>>

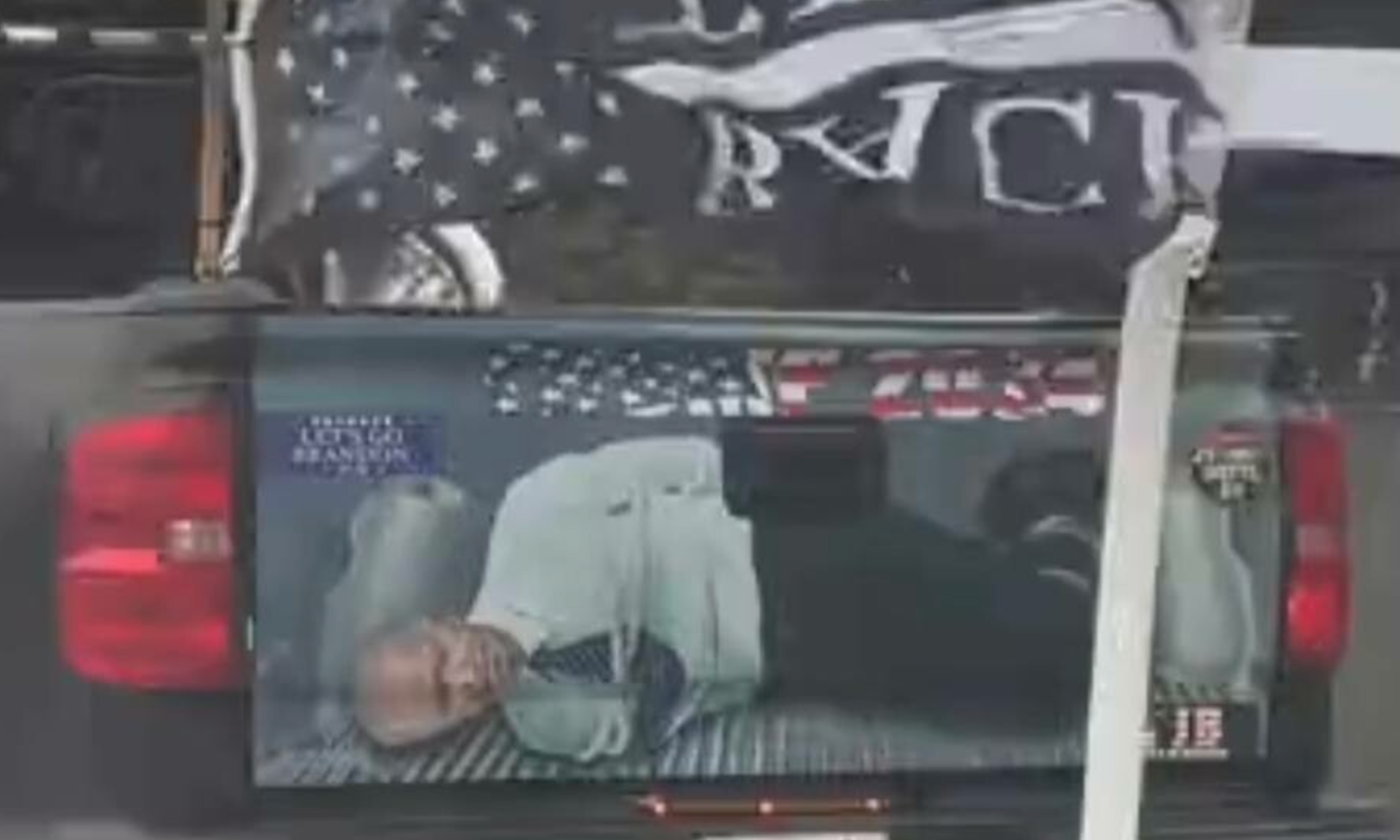 On Friday afternoon, former President Donald Trump posted a video to his Truth Social account of two trucks driving on a highway decked out in pro-Trump flags and stickers. One truck had a decal spanning its entire back gate made to resemble a truck bed carrying President Joe Biden, bound and gagged like a kidnapping victim.
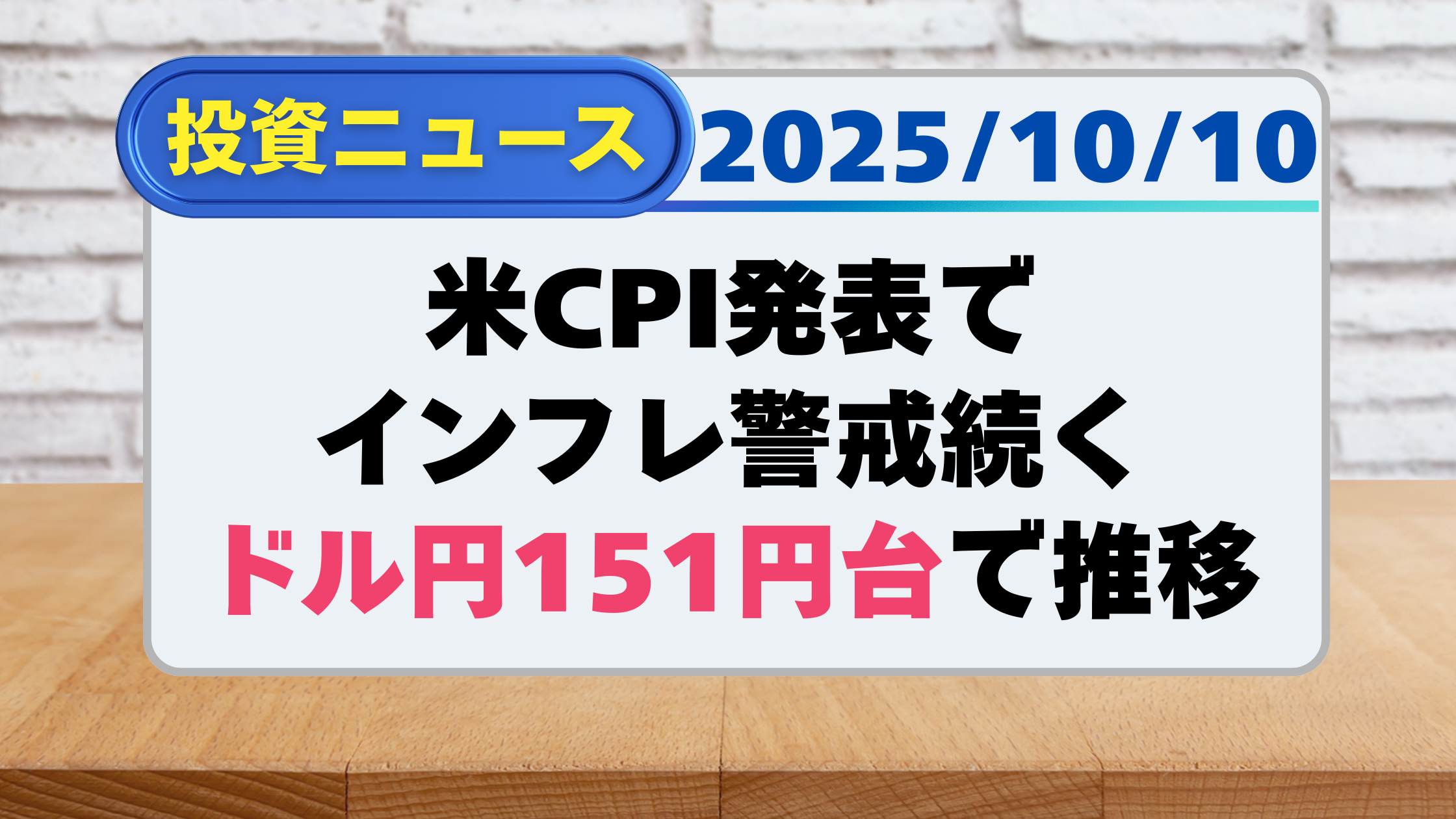 【投資ニュース】米CPI発表でインフレ警戒続く、ドル円151円台で推移(10/10)
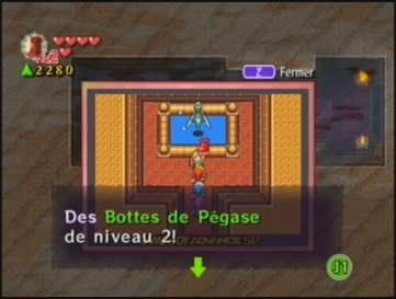 Retournez maintenant améliorer vos bottes en les lançant dans la fontaine des fées précédente à l'Ouest. Une fois les bottes de niveau 2 aux pieds, revenez à nouveau dans la grande salle à l'Est.
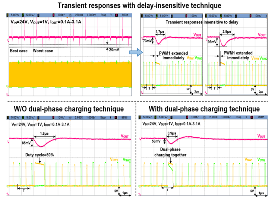 本研究基于两相串联电容式DC-DC转换器拓扑结构,提出了双反馈环路的电压模式PWM控制方法,实现对输出电压和串联电容电压的调制。同时,本研究还提出了快速瞬态响应技术,既克服传统PWM控制方法存在的环路响应速度与负载跳变时刻有关的缺点,也可以利用两相电感电流同步对负载充电以进一步提高转换器的响应速度。最终测试结果表明本研究在3A电流的负载跳变下实现了仅0.9ms的恢复时间,取得了目前同类研究中最快的负载瞬态响应速度,研究成果以“A 12V/24V-to-1V DSD Power Converter with 56mV Droop and 0.9µs 1% Settling Time for a 3A/20ns Load Transient”为题发表在ISSCC2022上。第一作者为中国科大微电子学院博士生苑竞艺,程林教授为通讯作者。
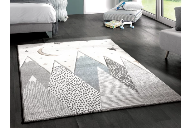 Detský koberec s hustým vlasom a motívom skalnatá krajina s hviezdami a mesiacom vynikne v každej detskej izbe. Rozmery 120×170 cm.
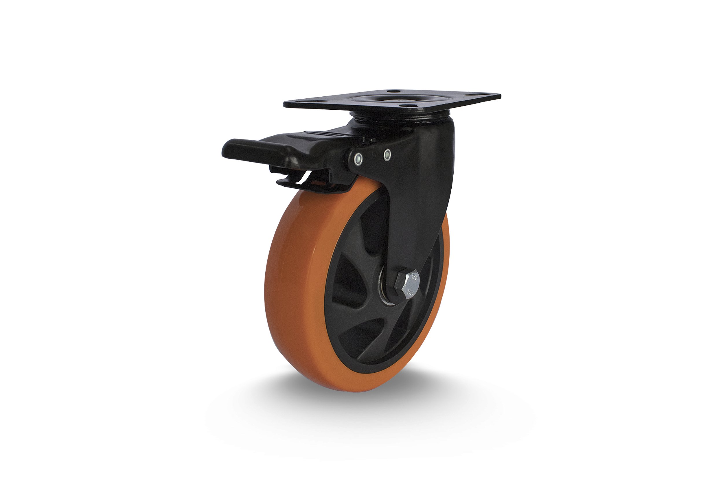 Características Técnicas Tipo de Roda: Poliuretano (PU) Laranja Diâmetro da Roda: 5" (125 mm) Largura da Banda: 32 mm Tipo de Fixação: Placa Giratória com Freio Rodagem: Esferas
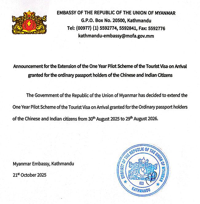 Announcement for the Extension of the One Year Pilot Scheme of the Tourist Visa on Arrival granted for the ordinary passport holders of the Chinese and Indian Citizens
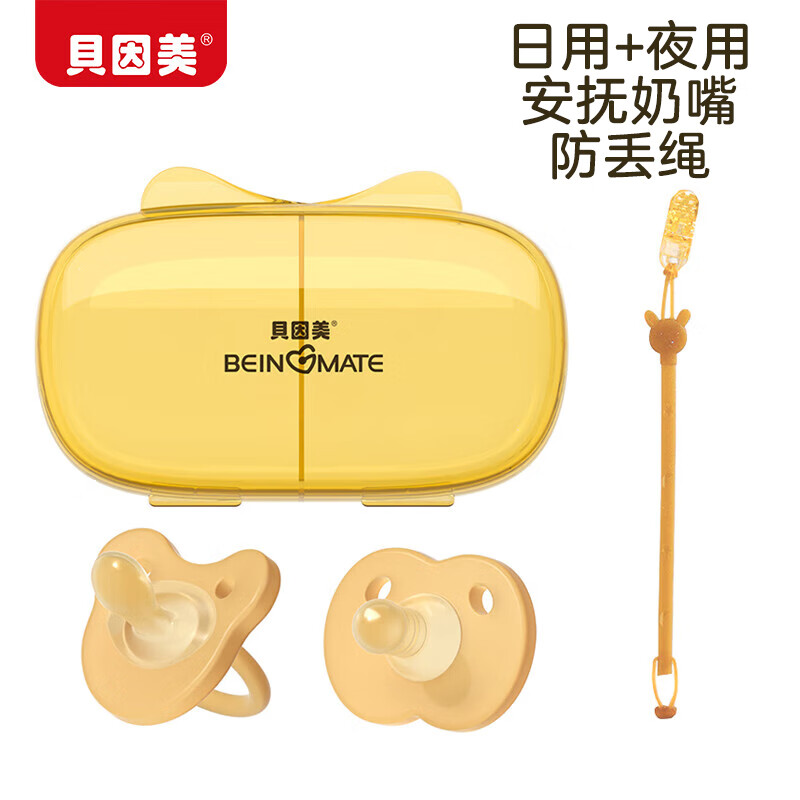 贝因美婴儿安抚奶嘴新生儿0-3-6-12个月宝宝防胀气一体硅胶2只装+防丢绳
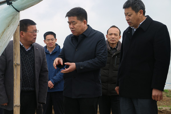 3月22日,集團公司黨委書記、董事長魏紅軍到?港農(nóng)場調(diào)研指導(dǎo)工作。調(diào)研期間,魏紅軍一行先后考察了有機農(nóng)莊、精品苗木基地、小麥生產(chǎn)現(xiàn)場、灌溉引水工程、大棚西瓜核心生產(chǎn)區(qū)、黃金瓜種植基
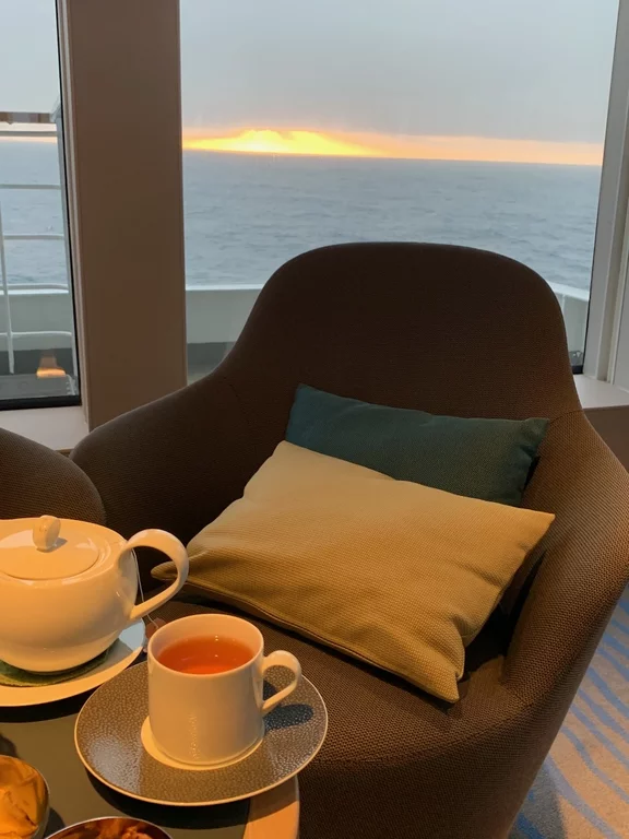 Wir haben den Tag bei einem traumhaften Sonnenuntergang in der Observation Lounge ausklingen lassen. Morgen geht es dann weiter nach Ilulissat zum Eisfjord.
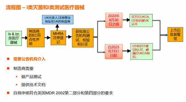2021年1月1日起,投放英国市场的医疗器械需有UKCA或CE标识;在特定情况下,需在标签上显示公告机构或批准机构的编号;2023年7月1日前,英国市场接受CE标识的设备;2023年7月1日后,英国市场接受CE+UKCA标志的设备或者UKCA标志设备。
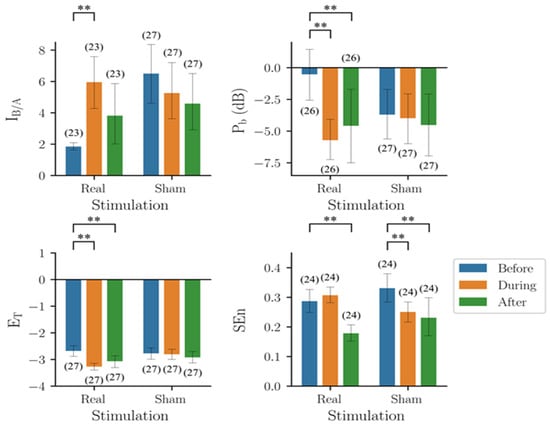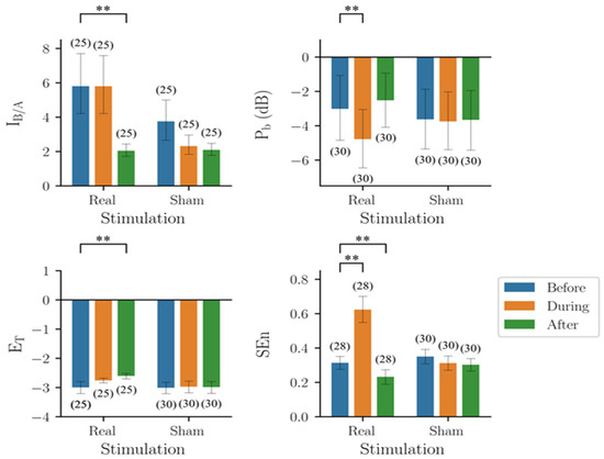 The group results (mean ± standard deviation) of Pb before, during, and after real stimulation were −3.02 ± 5.09, −4.78 ± 4.79, and −2.52 ± 4.39, respectively. Two-way mixed design ANOVA showed that time was a significant factor (F2,116 = 5.488, p = 0.005), but treatment was not (F1,58 = 0.043, p = 0.837), and there was a significant interaction between the effects of the two factors (F2,116 = 4.523, p = 0.013). The group results of ET before, during, and after real stimulation were −2.99 ± 0.53, −2.76 ± 0.21, and −2.61 ± 0.24, respectively. Two-way mixed design ANOVA revealed that time was a significant factor (F2,106 = 10.581, p < 0.0001), but treatment was not (F1,53 = 2.83, p = 0.098), and there was a significant interaction between the effects of the two factors (F2,106 = 9.482, p < 0.001). The group results of SEn before, during, and after real stimulation were 0.33 ± 0.12, 0.62 ± 0.21, and 0.23 ± 0.12, respectively. Two-way mixed design ANOVA showed that both time (F2,112 = 49.51, p < 0.001) and treatment (F1,56 = 6.12, p = 0.016) were significant factors, and that there was a significant interaction between the effects of the two factors (F2,112 = 56.55, p < 0.001).
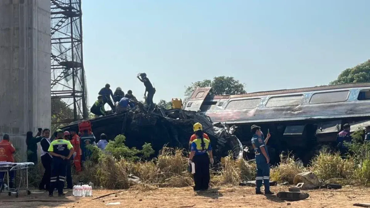 คนงานก่อสร้างเล่านาทีระทึก!.... เครนรถไฟความเร็วสูงร่วงทับขบวนรถด่วนพิเศษ 21 ยอดดับพุ่ง-เจ็บระนาว
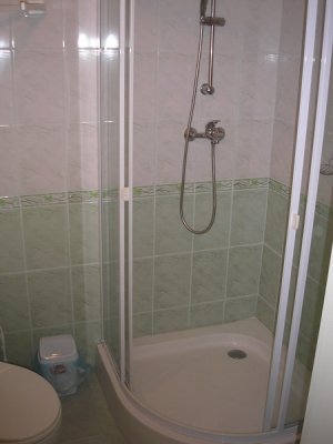 Санузел совместный, полной комплектации: душевая кабина, унитаз, раковина. Горячая и холодная вода круглосуточно.
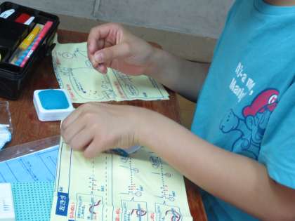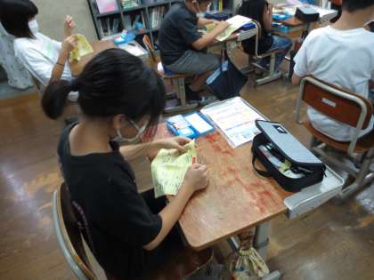 練習用の布を使って波縫いと返し縫いの練習をしました。
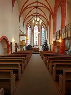 Nach der Aufhebung des Klosters im Zuge der Reformation wurden der Hochaltar, der Lettner, der den Mönchschor von dem übrigen Kirchenraum abtrennt, sowie die Altäre im Nebenschiff entfernt und eine Empore eingebaut. Die heutige Empore und die Kirchenbänke stammen aus der Zeit des Umbaus in den Jahren 1985 bis 1990. Erhalten ist eine barocke Kanzel aus dem 16. Jahrhundert, der schlichte Steinaltar im Hauptschiff stammt aus dem Jahr 1605.

<<

• **AIM OF THE TASK**
Give back exactly the run of lines that opens the material above and ends at the line with "2021年1月1日起,投放英". Omit the pictures.

• **YOUR SOLUTION**
 On Friday afternoon, former President Donald Trump posted a video to his Truth Social account of two trucks driving on a highway decked out in pro-Trump flags and stickers. One truck had a decal spanning its entire back gate made to resemble a truck bed carrying President Joe Biden, bound and gagged like a kidnapping victim.
 【投資ニュース】米CPI発表でインフレ警戒続く、ドル円151円台で推移(10/10)
 Retournez maintenant améliorer vos bottes en les lançant dans la fontaine des fées précédente à l'Ouest. Une fois les bottes de niveau 2 aux pieds, revenez à nouveau dans la grande salle à l'Est.
 本研究基于两相串联电容式DC-DC转换器拓扑结构,提出了双反馈环路的电压模式PWM控制方法,实现对输出电压和串联电容电压的调制。同时,本研究还提出了快速瞬态响应技术,既克服传统PWM控制方法存在的环路响应速度与负载跳变时刻有关的缺点,也可以利用两相电感电流同步对负载充电以进一步提高转换器的响应速度。最终测试结果表明本研究在3A电流的负载跳变下实现了仅0.9ms的恢复时间,取得了目前同类研究中最快的负载瞬态响应速度,研究成果以“A 12V/24V-to-1V DSD Power Converter with 56mV Droop and 0.9µs 1% Settling Time for a 3A/20ns Load Transient”为题发表在ISSCC2022上。第一作者为中国科大微电子学院博士生苑竞艺,程林教授为通讯作者。
 Detský koberec s hustým vlasom a motívom skalnatá krajina s hviezdami a mesiacom vynikne v každej detskej izbe. Rozmery 120×170 cm.
 Características Técnicas Tipo de Roda: Poliuretano (PU) Laranja Diâmetro da Roda: 5" (125 mm) Largura da Banda: 32 mm Tipo de Fixação: Placa Giratória com Freio Rodagem: Esferas
 Announcement for the Extension of the One Year Pilot Scheme of the Tourist Visa on Arrival granted for the ordinary passport holders of the Chinese and Indian Citizens
 贝因美婴儿安抚奶嘴新生儿0-3-6-12个月宝宝防胀气一体硅胶2只装+防丢绳
 3月22日,集團公司黨委書記、董事長魏紅軍到?港農(nóng)場調(diào)研指導(dǎo)工作。調(diào)研期間,魏紅軍一行先后考察了有機農(nóng)莊、精品苗木基地、小麥生產(chǎn)現(xiàn)場、灌溉引水工程、大棚西瓜核心生產(chǎn)區(qū)、黃金瓜種植基
 Wir haben den Tag bei einem traumhaften Sonnenuntergang in der Observation Lounge ausklingen lassen. Morgen geht es dann weiter nach Ilulissat zum Eisfjord.
2021年1月1日起,投放英国市场的医疗器械需有UKCA或CE标识;在特定情况下,需在标签上显示公告机构或批准机构的编号;2023年7月1日前,英国市场接受CE标识的设备;2023年7月1日后,英国市场接受CE+UKCA标志的设备或者UKCA标志设备。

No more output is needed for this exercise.